Alla cortese attenzione del Sindaco di Taranto, degli organizzatori dei Giochi del Mediterraneo, delle istituzioni locali e nazionali e di tutti i cittadini di Taranto.
Taranto attende i Giochi del Mediterraneo non come un semplice evento sportivo, ma come un’occasione storica di rilancio, dignità e riconoscimento. È un momento in cui la città può finalmente mostrarsi al mondo per ciò che è realmente: una comunità viva, ricca di storia, cultura e potenzialità.
Negli ultimi giorni, tuttavia, sono emerse ipotesi e valutazioni che, più che fondarsi su elementi concreti, sembrano alimentare un clima di allarmismo ingiustificato e pretestuoso.

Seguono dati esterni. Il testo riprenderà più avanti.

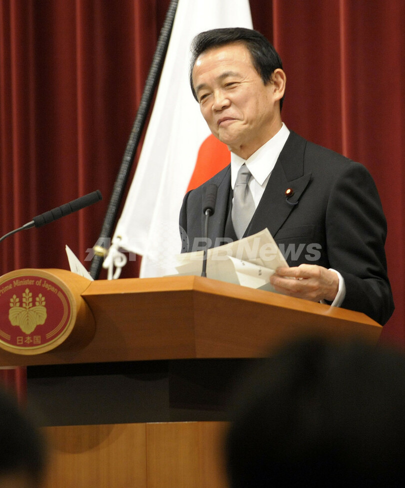 【1月4日 AFP】(写真追加)麻生太郎(Taro Aso)首相は4日午前、記者会見を行い、経済問題への対応と予算と関連法案の成立に集中する必要性を強調し、少なくとも数か月は解散・総選挙を行う考えがないと表明した。
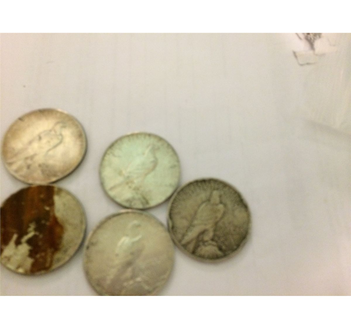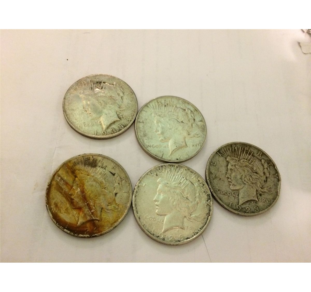 5 SILVER PEACE DOLLARS. 1922 XF, 1923-D VF, 1924 XF, 1926-S VF, 1935 VF

Si è passati, in modo sorprendente, da generiche preoccupazioni legate al contesto internazionale a presunti ostacoli di natura organizzativa, come la gestione degli arrivi degli atleti o la capacità di accoglienza del porto.
È doveroso dirlo con chiarezza: queste non sono ragioni per mettere in discussione un evento internazionale di tale portata. I problemi organizzativi, se esistono, si risolvono; non si trasformano in alibi per decisioni che avrebbero conseguenze gravi e durature.

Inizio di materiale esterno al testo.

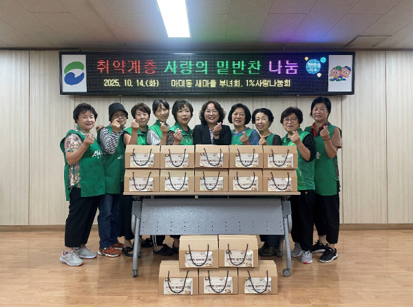 ºÎ»ê±¤¿ª½Ã ¼±¸ ¾Æ¹Ìµ¿ »õ¸¶À»ºÎ³àȸ(ȸÀå ±è¾çÈñ)´Â ¾Æ¹Ìµ¿ 1%»ç¶û³ª´®È¸(ȸÀå ÀÌÀÏ»ï)¿Í ÇÔ²² Áö³ 14ÀÏ, 5060¼¼´ë Ãë¾à°èÃþ 20°¡±¸¿¡ Á¤¼º²¯ ÁغñÇÑ ¹Ì¿ª±¹, ¶±ººÀÌ, ¹«±èÄ¡ µîÀ» Á÷Á¢ Àü´ÞÇϸç ÀÌ¿ô»ç¶ûÀ» ½ÇõÇß´Ù.

Sostenere che difficoltà logistiche possano giustificare un eventuale rinvio o, peggio, uno spostamento della sede dei Giochi significa mortificare la città di Taranto e sminuire gli sforzi compiuti, gli investimenti sostenuti e le aspettative di un’intera comunità.
Taranto ha già pagato un prezzo altissimo negli anni: in termini ambientali, economici e sociali. Non può e non deve subire l’ennesima decisione penalizzante, fondata su motivazioni deboli e discutibili.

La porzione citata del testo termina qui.